The Vendor Placing and the Cash Placing have been fully underwritten by
Investec Bank (UK) Limited ("Investec") pursuant to the terms of an agreement
entered into by Chemring and Investec (the "Placing Agreement").

Application has been made for the Cash Placing shares and the Vendor Placing
shares to be admitted to the Official List of the UK Listing Authority and to
the London Stock Exchange's Main Market ("Admission"). The Cash Placing is
expected to complete on 27 June 2008 and is conditional, inter alia, on
Admission of the Cash Placing shares which is expected to take place on that
day (when CREST accounts will be credited).

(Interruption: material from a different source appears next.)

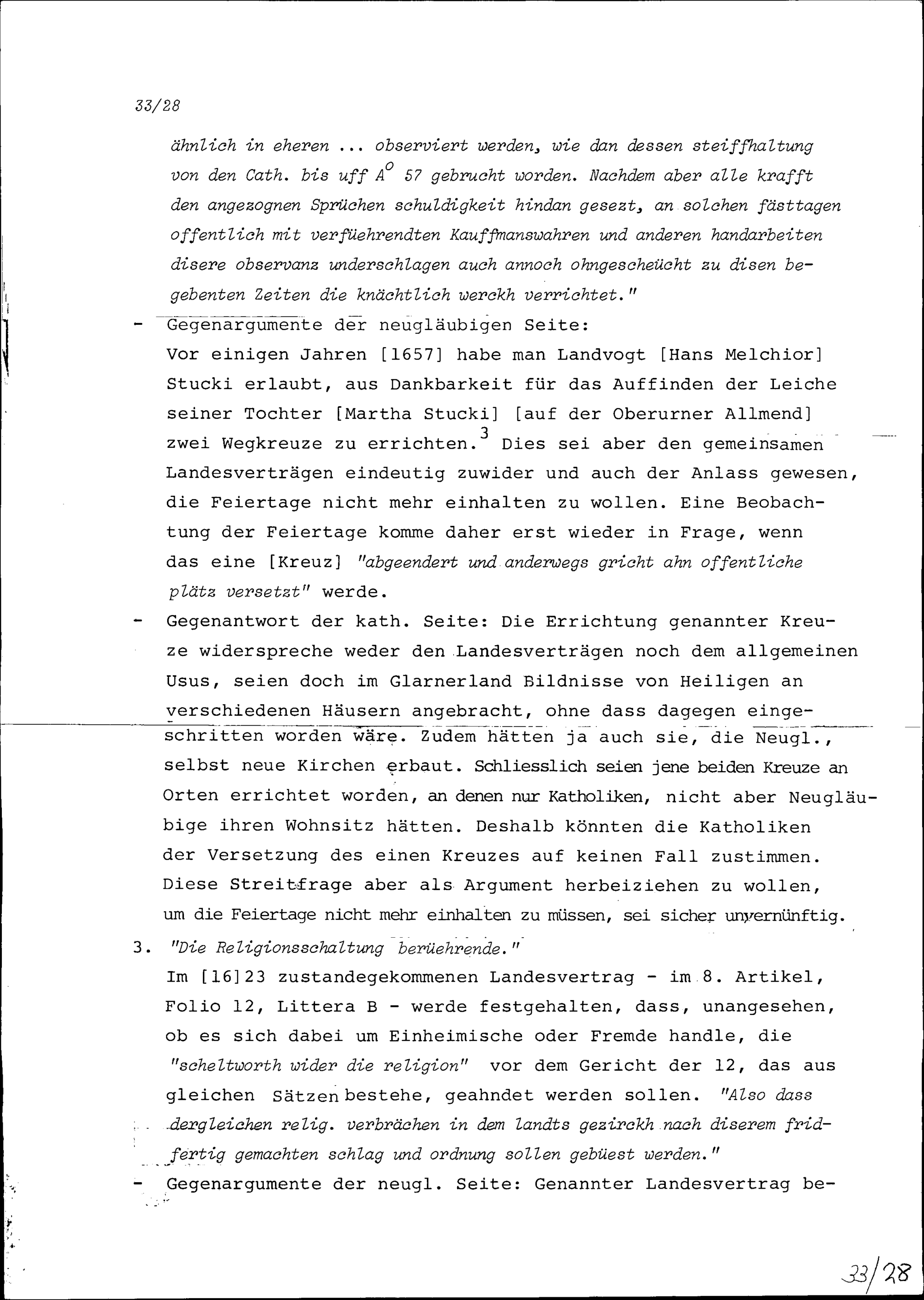 Klagen des Rats von Katholisch Glarus gegenüber seinen neugläubigen Mitlandleuten...

The Vendor Placing is expected to
complete on 25 July 2008 and is conditional, inter alia, on the completion of
the MEI acquisition and Admission of the Vendor Placing shares which is
expected to take place on that day (when CREST accounts will be credited). On
Admission, both the Cash Placing shares and the Vendor Placing shares will rank
pari passu in all respects with the existing ordinary shares in Chemring.

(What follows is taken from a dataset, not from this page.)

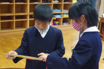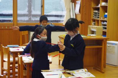 算数 自分の体の長さを測ってみています。その後、体にちなんだ文章問題に挑戦します。「○○さんが両手を広げた長さは、30cmものさし4つ分でした。○○さんが両手を広げた長さは?」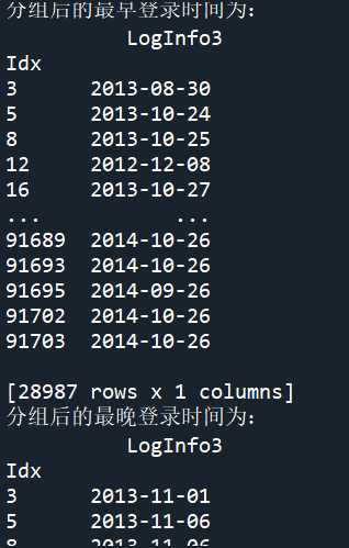import pandas as pd import numpy as np LogInfo = pd.read_csv('F:/桌面/第七章/Training_LogInfo.csv',encoding='gbk') Userupdate = pd.read_csv('F:/桌面/第七章/Training_Userupdate.csv',encoding='gbk') # 使用groupby方法对用户信息更新表和登录信息表进行分组 LogGroup = LogInfo[['Idx','LogInfo3']].groupby(by = 'Idx') UserGroup = Userupdate[['Idx','UserupdateInfo2']].groupby(by = 'Idx') #代码18-2 # 使用agg方法求取分组后的最早,最晚,更新登录时间 print('分组后的最早登录时间为:\n',LogGroup.agg(np.min)) print('分组后的最晚登录时间为:\n',LogGroup.agg(np.max)) print('分组后的最早更新时间为:\n',UserGroup.agg(np.min)) print('分组后的最晚更新时间为:\n',UserGroup.agg(np.max)) #代码18-3 # 使用size方法求取分组后的数据的信息更新次数与登录次数 print('分组后的数据的信息更新次数为:\n',LogGroup.size()) print('分组后的数据的登录次数为:\n',UserGroup.size())

Dr David Price, Chief Executive of Chemring, commented:

"The acquisition of the two companies will substantially increase Chemring's US
energetics presence, creating a substantial platform from which to address the
USD1.9 billion US market for pyrotechnics and munitions components."

Enquiries:

Ken Scobie         Chairman, Chemring Group PLC          01489 881880        
Dr David Price     Chief Executive, Chemring Group PLC                       
Paul Rayner        Finance Director, Chemring Group PLC                      
                                                                             
Keith Anderson     Investec                              020 7597 5970       
Michael Ansell                                                               
                                                                             
Rupert Pittman     Cardew Group                          020 7930 0777       

The information contained in this announcement does not constitute an offer to
sell or the solicitation of an offer to buy, nor shall there be any sale of,
the securities referred to herein in any jurisdiction in which such offer,
solicitation or sale would be unlawful absent registration, exemption from
registration or qualification under the securities laws of such jurisdiction.

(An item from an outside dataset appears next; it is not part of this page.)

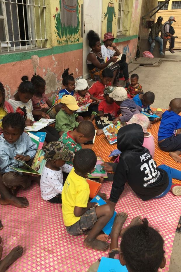"Ils me manquent. Ce sont eux qui m’ont fait comprendre que la joie réside au milieu de la souffrance. Quand on part, c’est dur de les laisser derrière soi", souffle quant à elle Elisabeth. Cette soixantenaire est partie alors qu’elle venait de prendre sa retraite, en septembre 2022. Autrefois conseillère pédagogique dans une inspection académique, elle n’a pas supporté l’idée de ne plus rien faire une fois sa carrière achevée. "J’aimais énormément mon métier qui m’a permis de travailler avec beaucoup d’enfants en situation de fragilité. Je ne voulais pas renoncer à ça", avoue-t-elle. Elle est aussitôt séduite par l’action d’Aïna, tout en étant révoltée par l’indigence dans laquelle vit le reste de la population. "À côté de l’école maternelle, il y a un centre pour les sans-abri géré par le ministère de la Population. On voyait des enfants traîner toute la journée, désœuvrés, dans des conditions d’hygiène et de logements profondément dégradantes. J’ai voulu endiguer ce sentiment d’impuissance que j’ai ressenti", se rappelle-t-elle. Pour occuper les enfants, elle monte le projet Bibliothèque de Rue : "tous les lundi matins, je déroulais des tapis à côté du centre, je prenais des livres en français et je leur lisais. On faisait aussi des coloriages. C’était un moment où ils redevenaient ce qu’ils étaient : des enfants. Progressivement, j'ai emmené avec moi des plus grands du Village Aïna pour m'aider à animer ce temps. Ils donnaient un peu ce qu’ils recevaient à l’orphelinat."

This announcement is not an offer of securities for sale in the United States.
Securities may not be offered or sold in the United States absent registration
under the US Securities Act of 1933, as amended (the "US Securities Act"), or
an exemption therefrom. Chemring has not and does not intend to register any
securities under the US Securities Act, and does not intend to offer any
securities to the public in the United States. No money, securities or other
consideration from any person inside the United States is being solicited and,
if sent in response to the information contained in these written materials,
will not be accepted.

Investec Investment Banking, a division of Investec Bank (UK) Limited, which is
authorised and regulated by the Financial Services Authority and is a member of
the London Stock Exchange, is acting exclusively for Chemring in connection
with the Vendor Placing and Cash Placing and is not acting for any other person
other than Chemring and will not be responsible to any person other than
Chemring for providing the protections afforded to its customers or for
providing advice on the transactions or arrangements referred to in this
announcement.

Nothing in this announcement should be construed as a profit forecast or be
interpreted to mean that the future earnings per share or profits of Chemring
will necessarily be greater than the historic published earnings per share.